Ok, it’s about time for some posts!
So far shooting stuff has been based on your basic point/ray to sphere – a more sophisticated system was planned for later on in development – but to bring the wow-factor up a notch I’ve had to bring it forward.
I want a lot of objects whizzing about on screen – that means an awful lot of potential collisions – while I’ll go into the basics of the scene collision management in another post – this one is about what happens when one of your hundreds of missiles needs to hit a ship!
To make it look as believable as possible, the missile/bullet needs to impact the surface of the vessel and throw up sparks/debris/whatever. That means checking every single triangle in the model to see if your missile has hit it – quite a chore! And with models with hundreds of thousands of triangles in, even the beefiest CPU would buckle under the strain.
So, what to do? Well, as ever with computing – the least amount of work possible! Hit testing every triangle sounds like a lot of work, so how do we do less?
Octrees.
Octrees allow us to divide a large volume into smaller volumes (or containers) and then stick stuff into them. All we need to do is then find which container our missile would go in, and the check the missile against the contents of that container. Simples!
Well, not quite – but the principal is that easy. We create an octree volume the same size as the model itself, then start adding triangles to the volume. When there are more than say 50, we subdivide the volume (which creates 8 equal sized smaller volumes), and then move all the triangles into these smaller volumes. Then we continue adding triangles from our model. When we’ve reached the end of the models triangles, they should all be safely stashed away in the smallest volumes in the octree which should contain them. Depending on the models triangle count, and the number of triangles to be stashed into each volume – the octree will only be a few layers deep. This means we can quickly find the volume a point is in with only a few checks.
You can see the process in the image above – going left to right, we have the model’s bounding volume (the maximum space it will occupy), then the Octree we get by repeatedly subdividing this volume into 8 until we get 50 triangles per volume. We then test an impact point to find out which volumes would be affected – finally showing those volumes, and the triangles we need to test in yellow. We’ve quickly gone from several thousand triangles down to a handful to test against.
To check for a collision, we have to bring that missile into model space – this means we find the missiles position and orientation relative to the model.
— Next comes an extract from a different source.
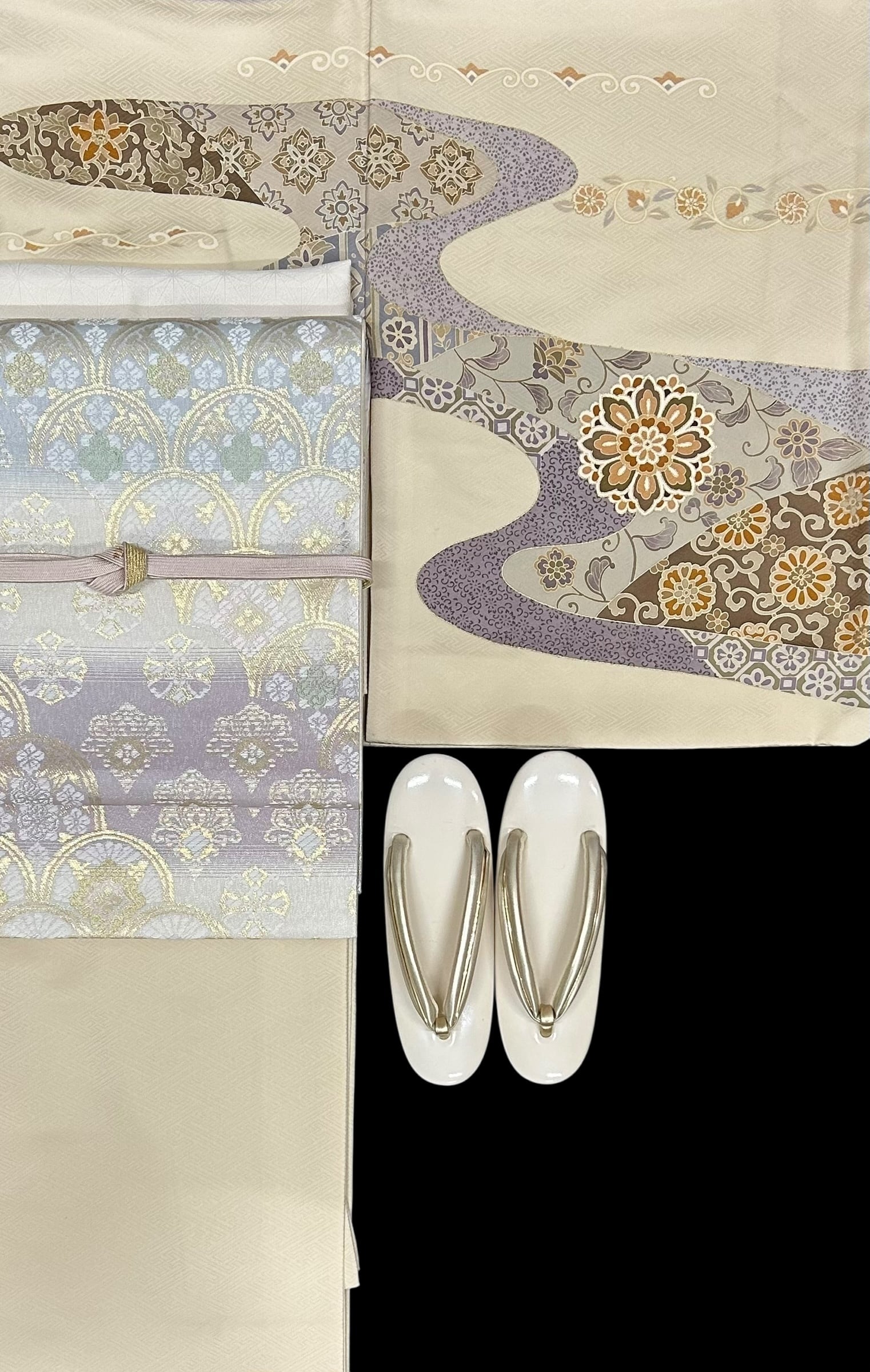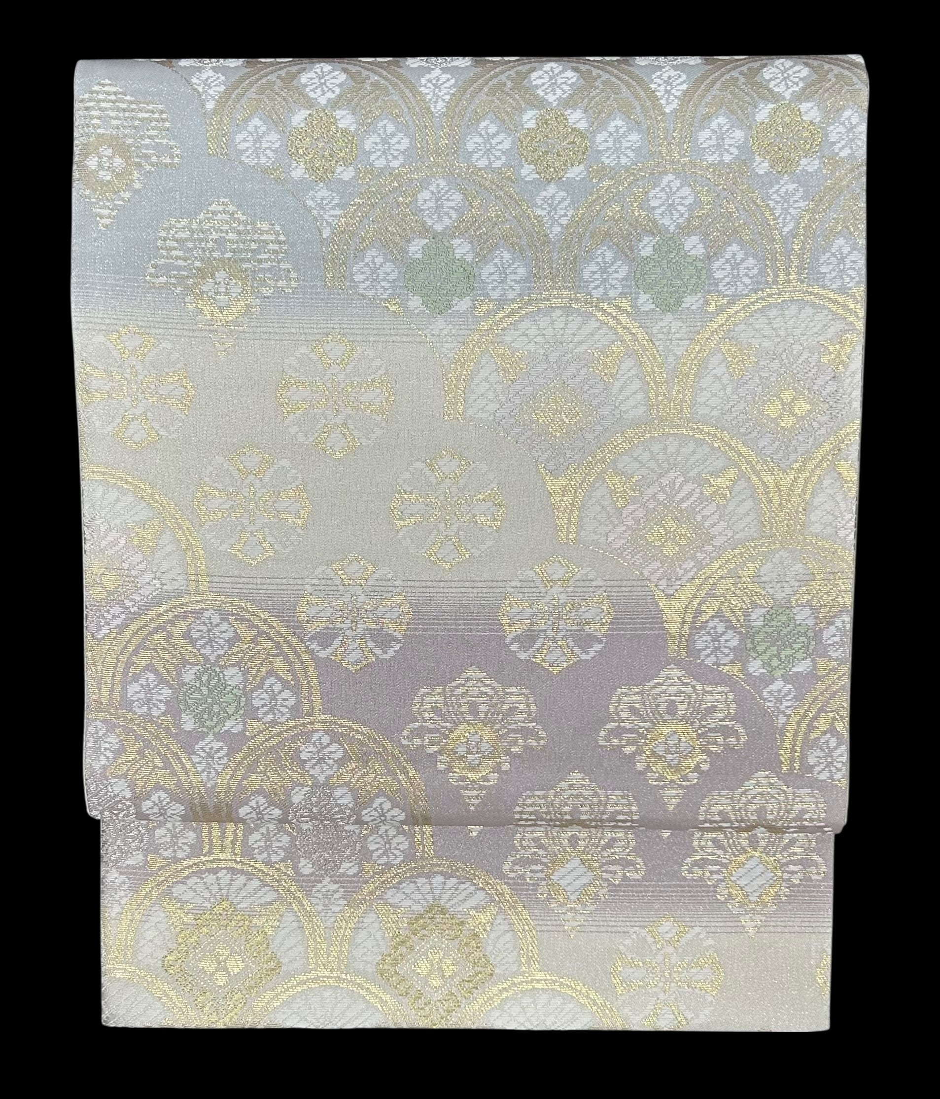 こちらは、象牙色、藍白、薄梅鼠の横段模様に金糸で美しく織り込まれた、上品な西陣、佐々木染職(株)さんの袋帯です。柔らかな風合いを持ちながらも、しっかりとした仕立てが特徴です。青海波の模様の中には、竹や花菱文などが幾何学的にデザインされており、白色や若葉色など淡い色合いが清楚さを引き立てています。特別な場面にもふさわしい アイテムで、どんな着物にも美しく調和します。

We have to do this, as our octree and it’s triangles are always about the origin (0,0,0) and not in orbit about Canthen where you just shot at it. This helps speed up the testing as less math is involved.
We can now find the volume in the octree that this missile would go in, and then test it for a collision against each triangle. Each triangle which intersects the missile is flagged, and voila – we have our impact zone!
This consumes a lot more memory as the octree can be quite large for a large or highly detailed model, but the performance improvement over the brute force “check every triangle” is huge for larger models. Balancing the triangles-per-node against the volume of the model is the best way to tune the system at the moment.